Four days later Caliph went to visit Sigmund Dulgensen.

Sigmund was appalled by David Thacker’s end, but not in the same way as Caliph. Sigmund didn’t have either the time or inclination to leave Ironside and talk about his loss. He and David Thacker had been proximal friends. Put any physical distance between the two of them and it was like they forgot one another existed.

A pot of coffee steadily lubricated the snarled calculations of solvitriol power. Sigmund was making headway. He assured Caliph that the lab’s security remained airtight. No one knew about the experiments. He looked giddy to plunge into a full account of his progress.

“I’m set up with a prototype, Caph.” Sigmund’s eyes were red but exuberant. “Take a peek at this.”

He pulled out a slender glass bulb haloed in iron, fitted with sockets or prongs at either end. He set it before the High King.

Caliph gazed at it for several moments, unable to speak. Like a chemiostatic cell the object glowed, but not green or citric yellow. It was not harsh or garish or easy to describe. Unusual pastel colors phosphoresced, crawling behind the glass. They rolled and ebbed along the iron bands, across the polished tabletop. They writhed, mucus pink or yellow ruffling into delicate shadows of lavender and powder blue. It was startling, mesmerizing to watch.

Caliph picked it up. It was cool, like a chilled wine bottle and tingled in his fingers like the back of a wooly caterpillar. He almost dropped it in surprise.

“What can it do?”

Sigmund was already chewing on his beard.

“Power a sword indefinitely. Power a fan, an ice maker, a conveyor belt—” He scratched the side of his face. “Whatever you want. Current generated is DC which means we can’t put it through a transformer like they have in the south or carry it very far, but you could hook it up to machines, wire it into a small string of streetlamps and guess what? They’ll never burn out.

“Enough kitties have gone whee to power a couple city blocks so far. I’ve got ’em stacked in racks down in the lab along with the adapters necessary to plug ’em in for electric lights and shit like that.”

Caliph nodded, still marveling at the tube of shifting light.

“Now here’s something that’ll really bake yer noggin. Come with me.”

He led Caliph down a metal staircase into the gritty squalor of the lab. Huge machines stood rampant, bolted to the floor. Bizarre geometry unfolded like industrial plant life. It moved on heavy hinges by hydraulics or pressurized gas.

Caliph noticed the rack of additional solvitriol cells Sigmund had mentioned. They scintillated against the wall, a pale rainbow of ethereal colors.

“You must have found a lot of stray cats.”

Sigmund shrugged and led him toward two giant anvils of grease-blackened steel. They stood opposite each other, fenced off by chains, and separated by an empty groove of space.

Like great metal shoes, the anvil-shaped things had been anchored to the floor with massive bolts as well as huge reinforced posts driven many feet into the foundations of the building.

“It’s mostly solid forged like the bulkheads for the Hylden but each of these were specifically designed to take the strain.”

Caliph heard an ominous creak deep in the floor.

“This was our prototype containment housing since the blueprints didn’t go into what we should do if we managed to separate.
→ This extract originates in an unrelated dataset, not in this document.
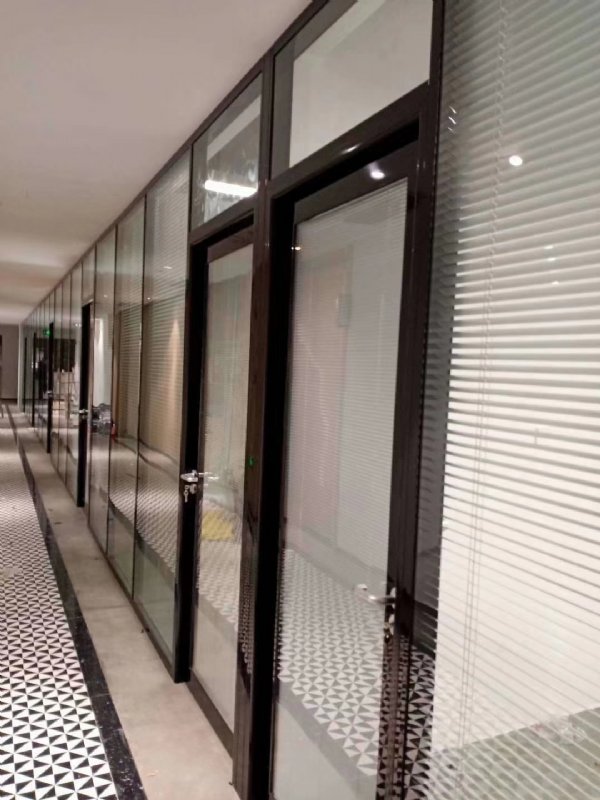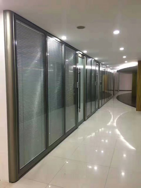 在深圳做的玻璃隔断的款式主打是双面玻璃中间带百叶窗高隔断的,也是双层玻璃夹百叶窗在玻璃里面,立柱安装旋钮..

Now we’ve got something better.”

As usual, Caliph was lost in Sigmund’s racing dialogue, trying frantically to make sense of parts Sigmund left unsaid.
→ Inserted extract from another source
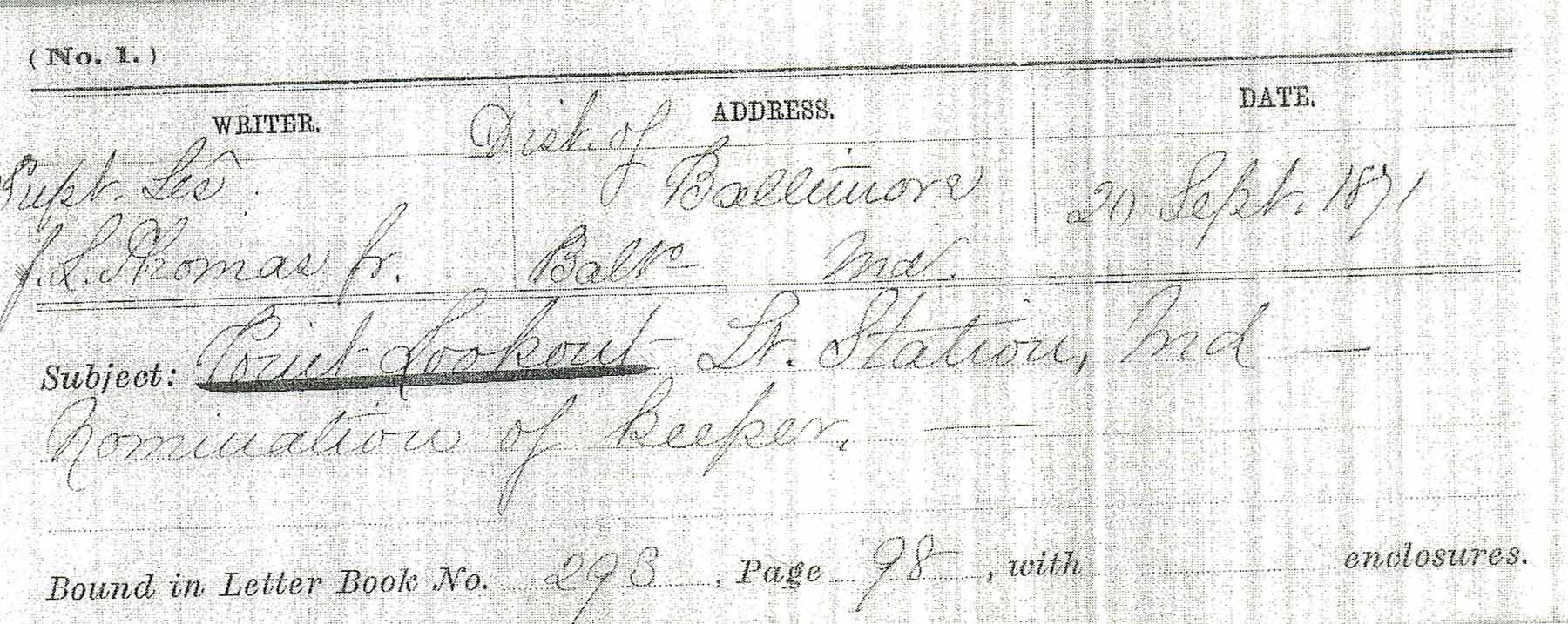 | NA-LTR-00914 | Letter | 09/20/1871 | Nomination letter for William Yeatman, after the resignation of William Moody. (Notice the fire damage along the edges.) |

“Contain what? Separate what?”

Sigmund pointed toward the anvils, anchored to the bedrock beneath the building. More creaking sounded from deep in the rock, speaking of enormous forces exerting against the bolts and posts. Caliph still couldn’t tell where the strain was coming from.
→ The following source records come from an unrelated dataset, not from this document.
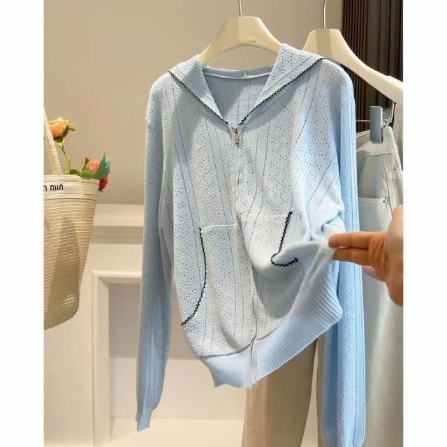 新品 含發票 薄款連帽拉鏈镂空針織開衫女春夏季新款韓版穿搭減齡顯瘦外搭上衣
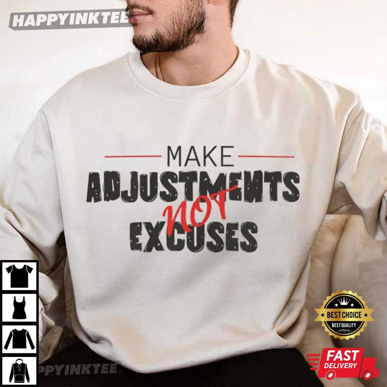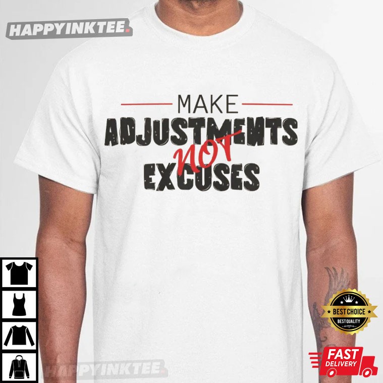 Make Adjustments Not Excuses Funny Saying T-Shirt – retro graphic t shirts, unique graphic t shirts, retro tee shirts, vintage 80s t shirts
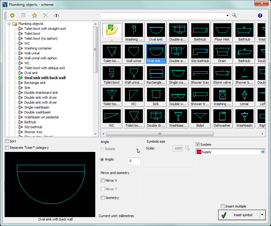 2. Wählen Sie im Dialogfenster „Sanitärobjekte – Schema“ das gewünschte Symbol aus der entsprechenden Kategorie aus.

The empty field of space between the anvils rippled with darkness.

“And what’s that?” asked Caliph, pointing toward the void.

“Mother of Mizraim, Caliph—what did you hire me for? Solvitriol power, man.” He slapped Caliph in the chest lightly with the back of his hand. “Souls. Remember?”

Now caliph saw them. At the center of each anvil a tiny window of pastel light gleamed fitfully from a bubble of glass embedded in the steel.